Она должна сделать то же самое. Она должна позвонить Джиму, сказать ему о Снуки, напомнить, чтобы он не давал ей тот дешевый корм. Она должна позвонить и Джоани… Но что она ей скажет? Что может задержаться? Пэм едва истерически не рассмеялась. Нет, нужно сказать, что она ею гордится, но… А тут вообще телефоны работают, есть ли сигнал? Или нельзя пользоваться телефоном, потому что это может помешать работе навигационной системы самолета? И нужно ли вставлять кредитную карточку, чтобы заставить работать наушники с микрофоном на спинке сиденья?

И где, собственно, телефон? В поясной сумке вместе с деньгами, паспортом и таблетками или же она положила его в чемодан? Почему она не может запомнить такие элементарные вещи? Пэм тянется за сумочкой. Такое ощущение, что желудок раздавлен о позвоночник. Ее сейчас вырвет, она это точно знает… Но тут пальцы касаются ремешка сумки — это Джоани подарила ей сумку на Рождество, как раз перед отъездом два года назад. Да, хорошее получилось Рождество, даже у Джима в тот день было отличное настроение. Новый сильный толчок, и ремешок вырывается из рук. Она не хочет умирать вот так — только не так! Только не среди незнакомых людей, только не с засаленными волосами — та новая химическая завивка, кстати, была ошибкой — и опухшими лодыжками. Ни за что! Быстренько подумать о чем-нибудь приятном, о чем-то хорошем! Это все сон, а на самом деле она сейчас сидит на диване, в руках у нее сэндвич с курятиной и майонезом, на коленях лежит Снуки, а Джим клюет носом в своем уютном кресле. Она понимает, что должна сейчас молиться, знает, что пастор Лен посоветовал бы ей в данной ситуации именно это, — а если она действительно будет молиться, все пропадет? — но впервые в жизни не может вспомнить нужные слова. В конце концов ей как-то удается сложить «Помоги мне, Господи», но в голову постоянно лезут посторонние мысли. Кто присмотрит за Снуки, если с ней что-нибудь случится? Снуки уже старенькая, ей почти десять лет, почему она оставила ее? Собаки этого не понимают. Боже, в задней части ящика для белья у нее осталась целая кипа рваных колготок, которые она уже давно хотела выбросить, — что они подумают о ней, когда найдут все это?
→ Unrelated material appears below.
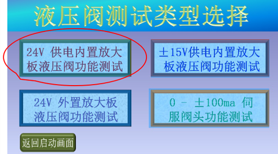 4、點(diǎn)擊“24V供電內(nèi)置放大板液壓閥功能測試”,進(jìn)入?yún)?shù)設(shè)定畫面;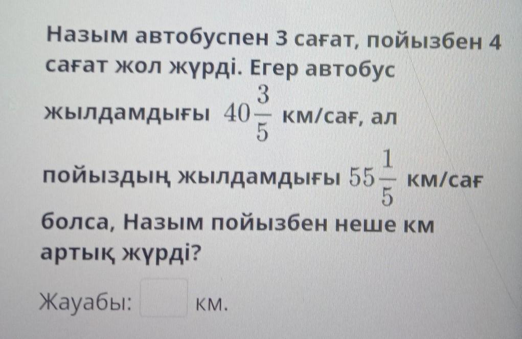 Назым автобуспен 3 сағат, пойызбен 4 сағат жол жүрді. Егер автобус 3 жылдамдығы 40 3/5 км/сағ,ал пойыздың жылдамдығы 55 1/5 км/сағ болса, Назым пойызбен неше км артық жүрді?

Дымка в самолете сгущается, к горлу подступает желчь, в глазах все расплывается. Короткий треск, и она видит перед собой качающуюся желтую пластиковую чашку. Какие-то слова на японском, но уши заложило… Пэм, чувствуя во рту вкус вермишели с пряностями, которую ела во время предыдущего полета, сглатывает. Тут она с облегчением обнаруживает, что в туалет уже не хочется. Затем репродуктор говорит по-английски что-то непонятное, потом «…помочь сидящим рядом пассажирам…», потом опять непонятно.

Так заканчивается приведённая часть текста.